Data centers should pay the cost of their grid connections—but instead, they’re passing those expenses to you.
That’s the clear takeaway from my study of data center transmission costs from earlier this fall. My examination of utility filings showed costs shifted by local utilities to consumers in 2024 was at least $4.3 billion in just seven states (and $3 billion more in 2025) within the territory of PJM, the grid operator for the Mid-Atlantic (you can read the full policy paper here). In the weeks since, a consensus emerged that a review and reform of this practice is due.
A moment of consensus
Late last week, the US Secretary of Energy pushed for the Federal Energy Regulatory Commission (FERC) to begin a rulemaking regarding connection of large loads. That led FERC to initiate a rulemaking process the next day, the first formal steps to adopt rules requiring data centers pay their grid expansion costs. The US Secretary of Energy recognizes that pushing costs from data centers onto the bills of other consumers is a widespread and continuing problem. Prior to my report, these costs were a footnote in advocacy efforts. Now, the Secretary of Energy has put the solution on a fast track.
With the actions last week by Republican appointees, this appears to be a rare example of a bipartisan policy. Past statements by members of Congress and multiple public opinion polls show this is a widely held position.
For consumers, this part of the proposed rule change comes as welcome news.
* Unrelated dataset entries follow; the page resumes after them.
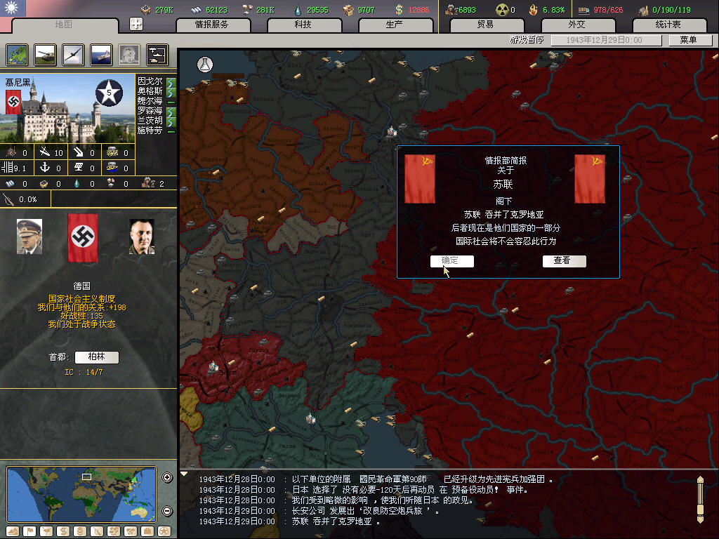 本来搞了7年的经济建设,准备在50年春天把有意压的补给突破5万触发对苏主权然后再对苏宣战,于是进情报看看苏联有多少师,然后发现只剩27个师,以为看错了,又nofog了一下,发现剩下的几个师的人力也接近0了,丫把自己全饿死了,红色帝国就这么垮了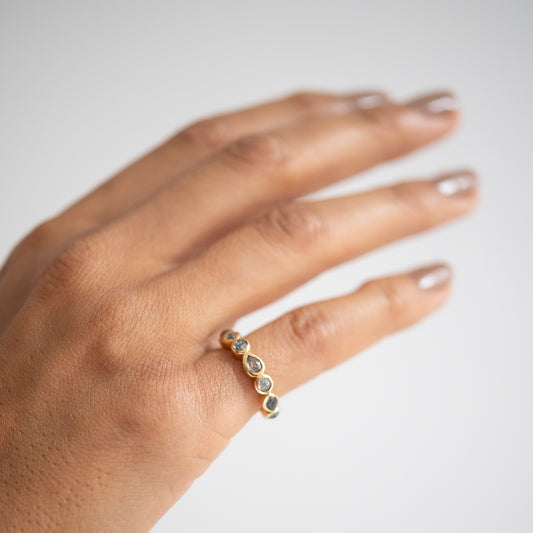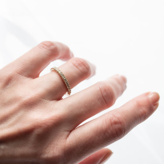 - Champagne Diamond Eternity Band by LAUREN WOLF JEWELRY: Thick, handcrafted 14k yellow gold band inlaid with champagne rose-cut diamonds
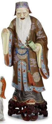 The expertly-molded standing figure depicts the Taoist Immortal dressed in a luxurious brown-ground robe adorned with shou symbols and holding his fish drum; affixed to wooden base.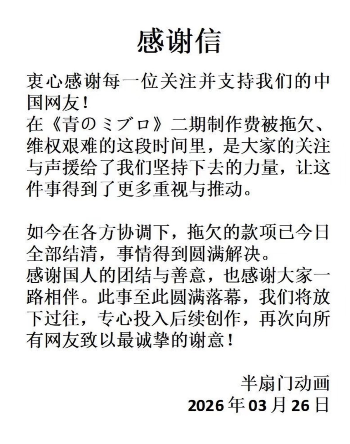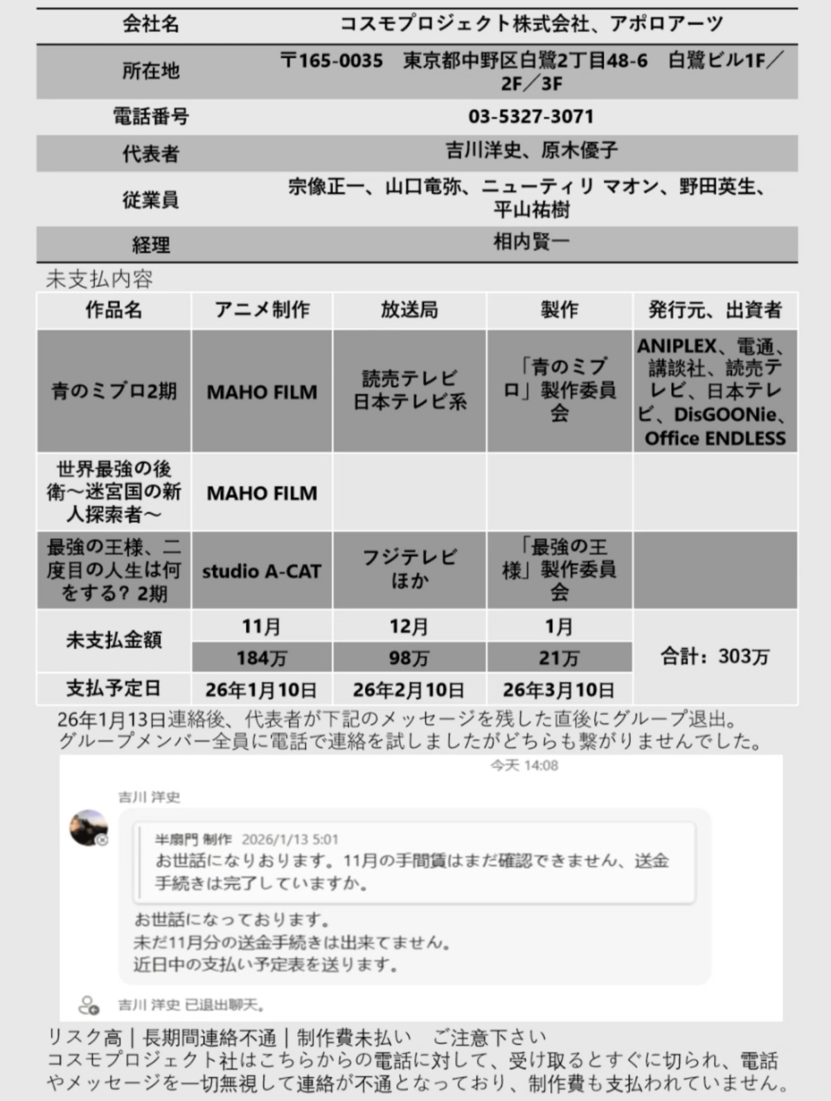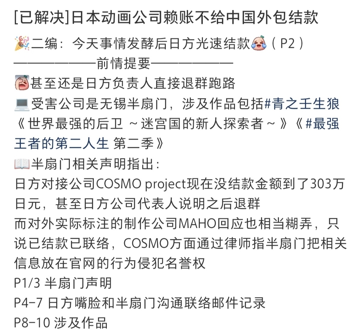 继之前P1S欠款160w后,日本动画公司COSMOproject被指控拖欠中国外包商无锡半扇门的动画制作费用,金额为303万日元(约合人民币14万元)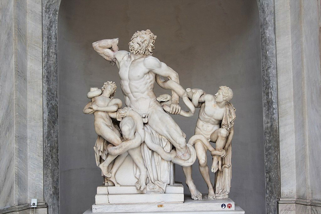 Laocoonte e i suoi figli è un iconico gruppo scultoreo che, oggi, si può ammirare nei Musei Vaticani. Rappresenta una scena decisamente impressionante: dei serpenti marini che stritolano un uomo terrorizzato e i suoi due giovani figli, intenti a lottare invano contro le spire delle creature, nel disperato tentativo di salvarsi la vita.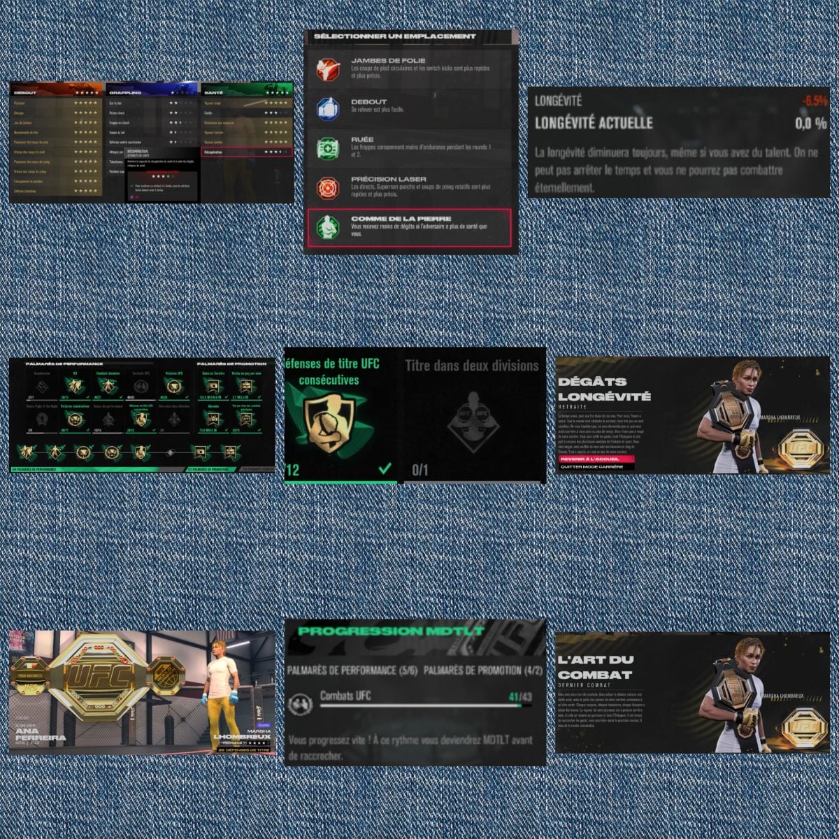 Ne me manquait que deux combats d’UFC or , sans quasi prendre de coups, alors que je perdais 1,5 % de longévité par match, les quatres derniers matchs gagnés en quelques secondes, j’ai perdu 3,5%, 3,8%, 4,5%puis carrement 6,5% pour ne pas pouvoir jouer deux derniers matchs qui m’auraient vallu le titre de MDTLT

But this initiative also contains ideas that are not so consumer-friendly, such as changes to boost building gas-burning powerplants which will raise consumer costs and lead to more unhealthy carbon pollution. (And as a reminder, over two thirds of the country prefers renewable alternatives over increasing fossil fuel sources.)
Action is needed from FERC, as more data centers are coming and their transmission-connection costs will only grow beyond the billions of what I initially reported. Preliminary information shows $3 billion more in data center connection costs have made it through the first half of the process described in the earlier blog. And this is just a slice of the pie: many other states are seeing data center construction, but their respective utility cost shifts are obscured.
State regulators are responding to reform suggestions from utilities at the same time that some of these issues need attention from FERC. UCS is active in cases in Illinois and Pennsylvania as data center policy is unfolding rapidly. Without some standards, that unfolding could lead to unraveling, with costs and reliability as collateral damage.
Billions in data center costs already paid by consumers
Here’s an update following the same process as my earlier study, accounting for some updated 2024 projects, definitive plans for 2025, and preliminary signs of more coming.

The utilities continue to plan and build transmission connections for data centers. In some instances, they have raised the cost for a project. In others, additional work on the grid was identified and is now included, raising my earlier summary of total costs carried by consumers within PJM’s territory for 2024 from $4.3 billion to $4.6 billion.
An identical process was conducted to examine plans within the region for 2025, which uncovered a projected $3.1 billion in data center transmission costs—all of which is expected to be paid for by consumers.
The third category is a count of the projects on the horizon for which the design and cost projections have not been prepared yet by the utilities. But the average cost-per-project over 2024 and 2025 was roughly $42 million—so if that holds, consumers would be on the hook for another $4.3 billion in costs from those 102 projects.
Reforms cannot wait
Just as in our September report, these numbers summarize the presentations made by utilities for planning their transmission and collecting payment from all their customers. In September, we called for state and federal regulators to prevent these costs from falling through a gap and ending up on consumers’ bills.
Now, surprisingly, there is a policy consensus emerging and a formal proposal from the federal government to make this right. We will make formal comments, arguing for clear and binding language for these new rules. The Secretary of Energy put a deadline of April 30, 2026 on this rulemaking.
There is likely going to be a jurisdictional fight from utilities, but we suspect the big data companies will accept these new rules if that speeds up the grid connections they so clearly want and need.